What you should do:
Starting at the top of the entries below, write out each line up to and including the one containing "単品版(右)との比較。頭部変". Leave the pictures out.

Input data:
····················

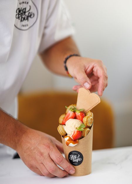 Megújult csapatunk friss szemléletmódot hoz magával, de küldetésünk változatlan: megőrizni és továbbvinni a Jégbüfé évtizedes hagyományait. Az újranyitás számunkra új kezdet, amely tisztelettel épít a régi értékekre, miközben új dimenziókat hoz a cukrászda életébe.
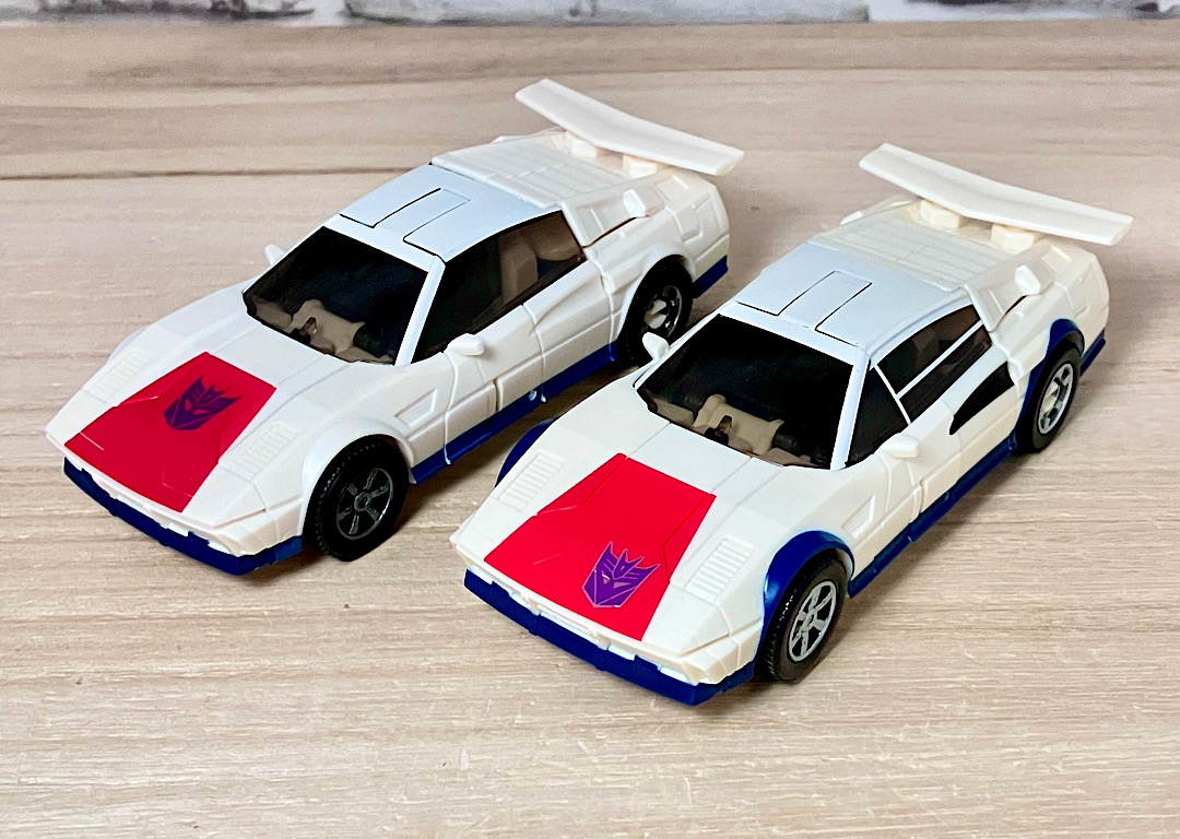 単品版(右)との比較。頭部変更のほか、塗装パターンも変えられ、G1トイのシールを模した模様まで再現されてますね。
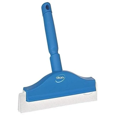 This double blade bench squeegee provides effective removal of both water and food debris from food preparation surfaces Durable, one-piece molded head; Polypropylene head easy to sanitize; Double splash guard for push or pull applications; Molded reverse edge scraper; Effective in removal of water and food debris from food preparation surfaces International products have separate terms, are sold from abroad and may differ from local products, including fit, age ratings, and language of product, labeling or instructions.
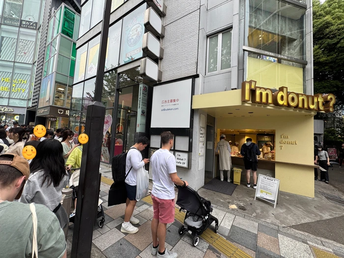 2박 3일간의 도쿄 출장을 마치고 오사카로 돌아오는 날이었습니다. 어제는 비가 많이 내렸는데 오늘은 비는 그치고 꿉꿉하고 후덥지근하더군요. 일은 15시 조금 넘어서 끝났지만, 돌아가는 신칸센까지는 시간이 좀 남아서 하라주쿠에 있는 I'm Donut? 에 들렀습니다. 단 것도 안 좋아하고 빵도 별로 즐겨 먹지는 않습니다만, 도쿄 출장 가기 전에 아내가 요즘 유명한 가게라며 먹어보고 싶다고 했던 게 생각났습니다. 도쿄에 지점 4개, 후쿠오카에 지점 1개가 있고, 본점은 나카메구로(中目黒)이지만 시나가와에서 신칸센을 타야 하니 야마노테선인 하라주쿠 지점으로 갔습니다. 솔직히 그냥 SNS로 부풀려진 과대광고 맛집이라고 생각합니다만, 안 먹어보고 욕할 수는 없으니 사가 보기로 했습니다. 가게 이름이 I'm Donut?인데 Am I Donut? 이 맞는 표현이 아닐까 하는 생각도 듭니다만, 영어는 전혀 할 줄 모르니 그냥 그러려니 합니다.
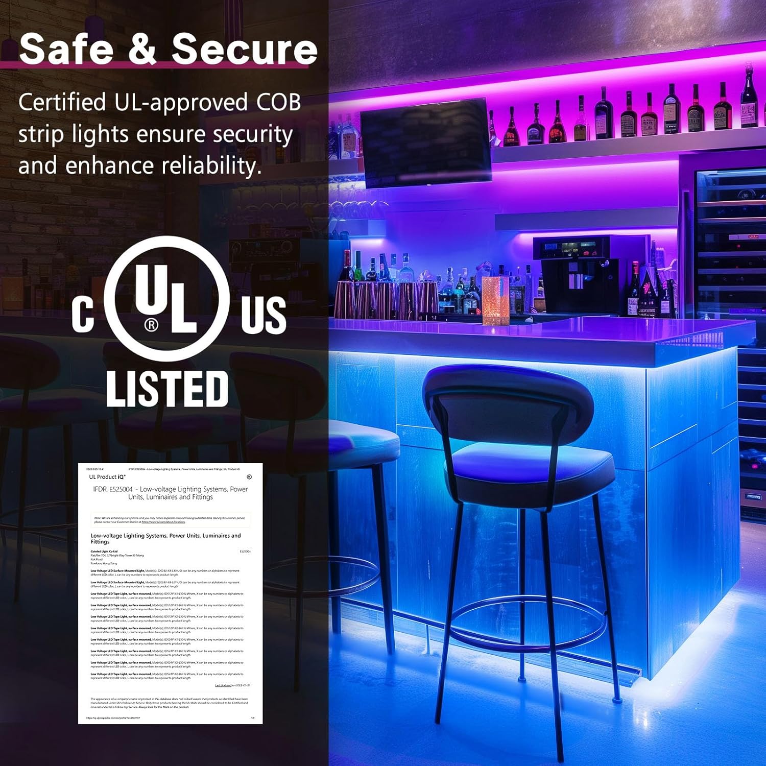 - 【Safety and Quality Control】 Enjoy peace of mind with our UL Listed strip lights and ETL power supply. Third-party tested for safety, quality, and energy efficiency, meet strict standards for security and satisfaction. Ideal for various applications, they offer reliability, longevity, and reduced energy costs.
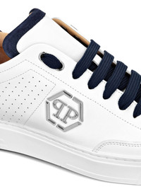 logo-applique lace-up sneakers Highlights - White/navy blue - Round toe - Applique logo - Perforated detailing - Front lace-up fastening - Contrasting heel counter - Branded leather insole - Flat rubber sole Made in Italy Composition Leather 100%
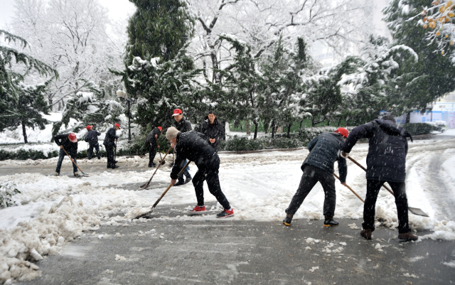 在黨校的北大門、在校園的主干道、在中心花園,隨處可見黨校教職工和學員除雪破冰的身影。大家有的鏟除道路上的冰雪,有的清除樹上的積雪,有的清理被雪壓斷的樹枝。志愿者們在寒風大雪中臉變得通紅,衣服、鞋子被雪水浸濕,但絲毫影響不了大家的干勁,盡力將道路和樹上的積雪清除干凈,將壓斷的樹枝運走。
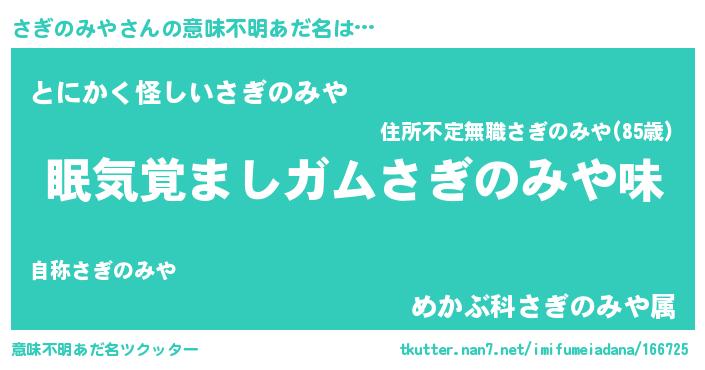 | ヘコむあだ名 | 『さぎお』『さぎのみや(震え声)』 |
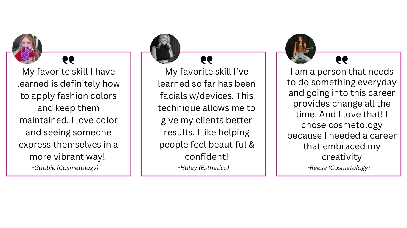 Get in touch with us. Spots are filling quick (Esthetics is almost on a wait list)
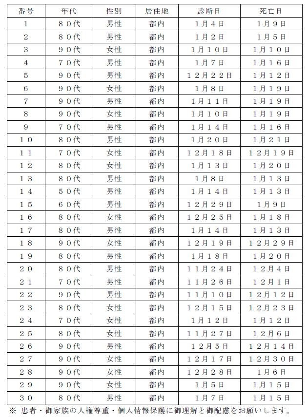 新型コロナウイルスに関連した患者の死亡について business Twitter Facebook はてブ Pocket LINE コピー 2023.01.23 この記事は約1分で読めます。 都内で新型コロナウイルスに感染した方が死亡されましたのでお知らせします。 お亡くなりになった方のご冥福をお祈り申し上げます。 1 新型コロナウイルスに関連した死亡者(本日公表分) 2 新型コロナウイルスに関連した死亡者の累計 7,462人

····················

Your solution:
 Megújult csapatunk friss szemléletmódot hoz magával, de küldetésünk változatlan: megőrizni és továbbvinni a Jégbüfé évtizedes hagyományait. Az újranyitás számunkra új kezdet, amely tisztelettel épít a régi értékekre, miközben új dimenziókat hoz a cukrászda életébe.
 単品版(右)との比較。頭部変更のほか、塗装パターンも変えられ、G1トイのシールを模した模様まで再現されてますね。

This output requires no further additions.